I quit working in coffee soon after Gils. I wanted to coach swimming, and got a gig at Grafton High School and the Shorewood swim club. But, years later, I flew to San Francisco to interview and be offered a roaster gig at Spinelli Coffee. When I got home, someone asked me about my vision, and I confessed to being color blind, and they rescinded the offer. I am glad they did, as the money would have been terrible in the most expensive place in the world at the time.

You should end a memoir with takeaways. So, let's take some things away from this...

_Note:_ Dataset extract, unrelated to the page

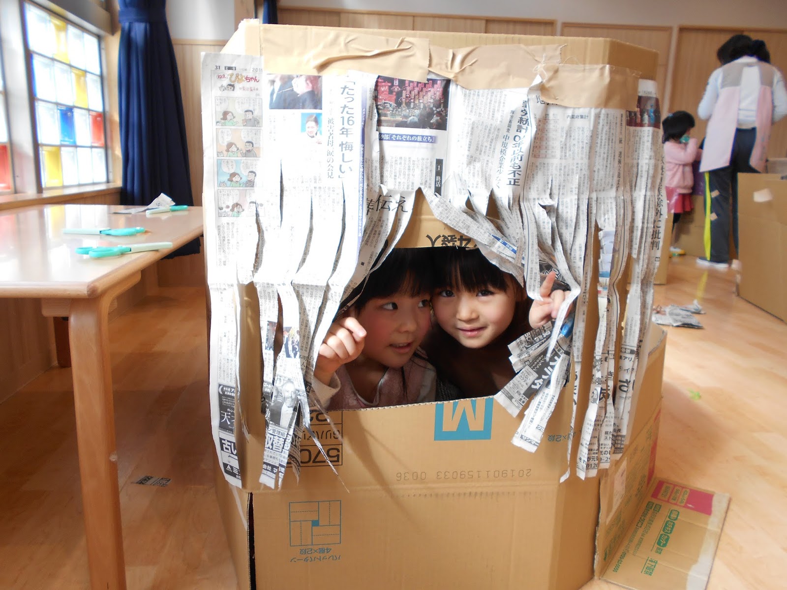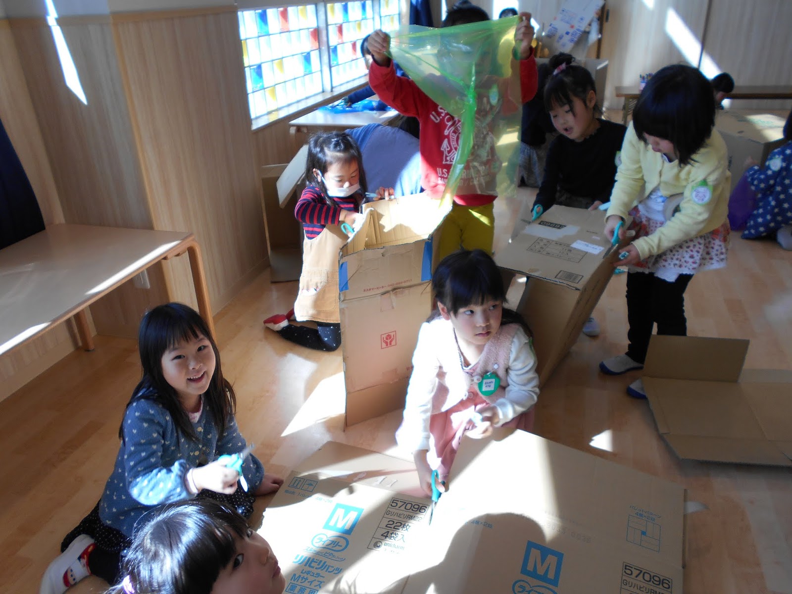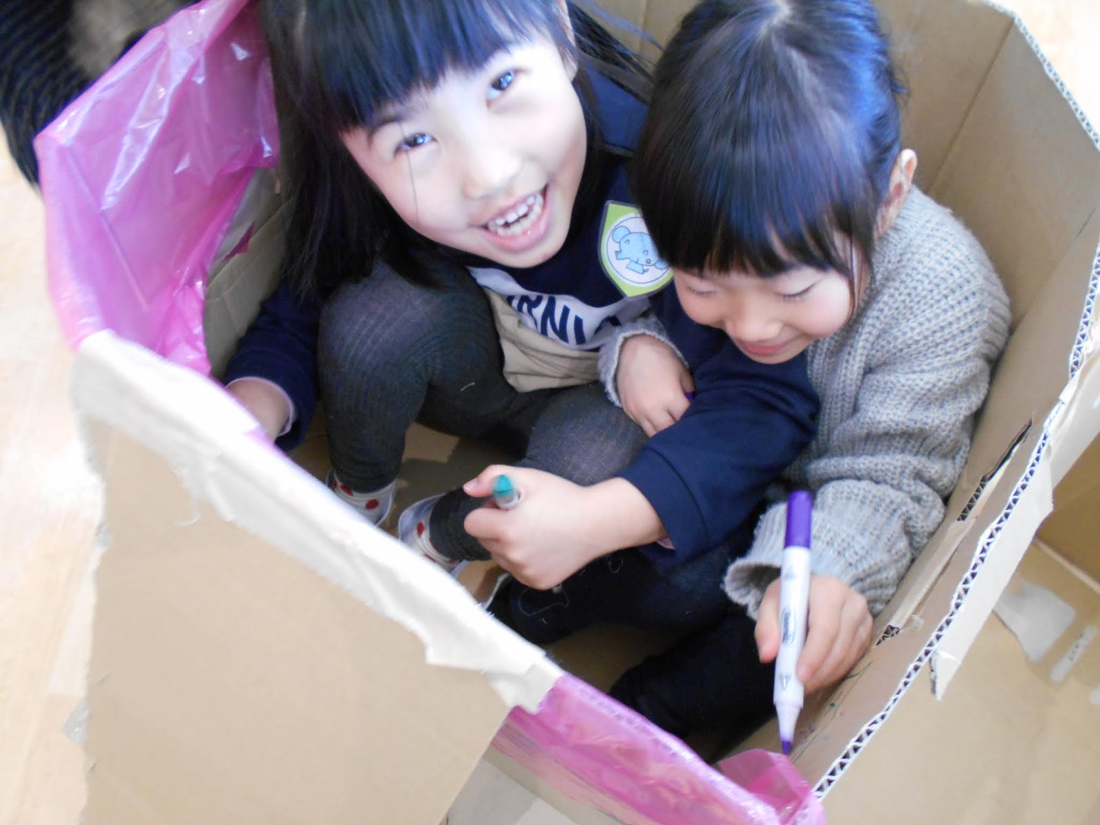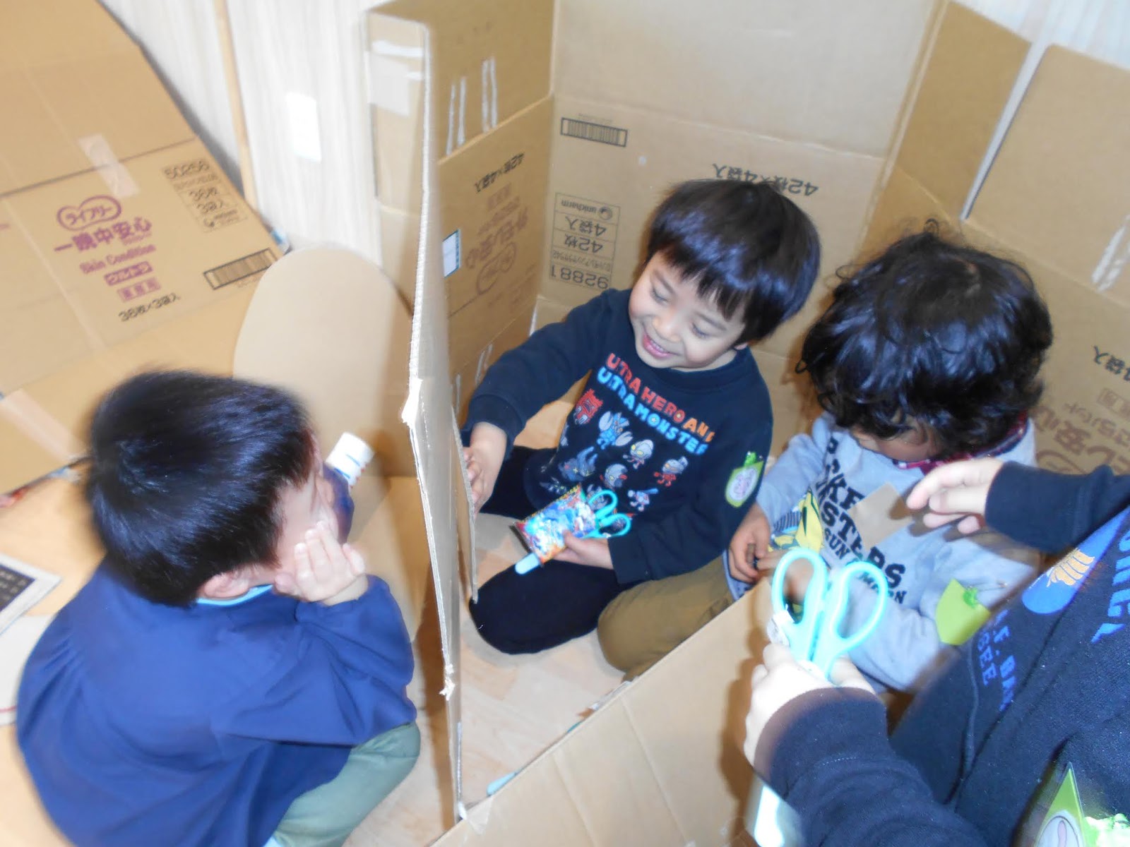 たくさんのダンボールを使って、どんな基地ができるのか楽しみ~!

• I strangely still think of Eric often. There were years in the middle when the internet wasn't a thing, so it was just in my head. But I think of him fondly and often. I can hear his voice. And his dad's voice. Years later, Eric got married and had kids, and I strangely felt a massive swell of pride.
• I am Stone Creek loyal. Once the company got mail order, I only get my coffee from Stone Creek. No matter where I was living, I got whole bean coffee from Milwaukee.
• I am a French press guy. Just because it intersects with the purity idea of water and beans, and because I am lazy and not likely to pay for an appropriate coffee maker to be equal to the beans. I make a pot of French press each morning, with local heavy cream and local honey. I drink it by the mug. In a mug I got from my friends at Big Water Coffee up north. The remainder goes into an old-school Stanley thermos for refills all day.
• I am a jazz guy. And not a bagel guy.

I could not have been more grateful to have been with the crew at the beginning of a business, and with a young guy boss like Eric at the beginning of his journey. Working at Stone Creek taught me that there is a reason for stuff, a thinking behind it. I did not understand it as a young guy listening to Black Flag and studying Beat poetry, but as an old man writing for a living, I am glad the first lesson in intentionality came through a cup of coffee.

Thanks, Eric. Thanks, Sura. Thanks, Daniel. And thanks, Christian.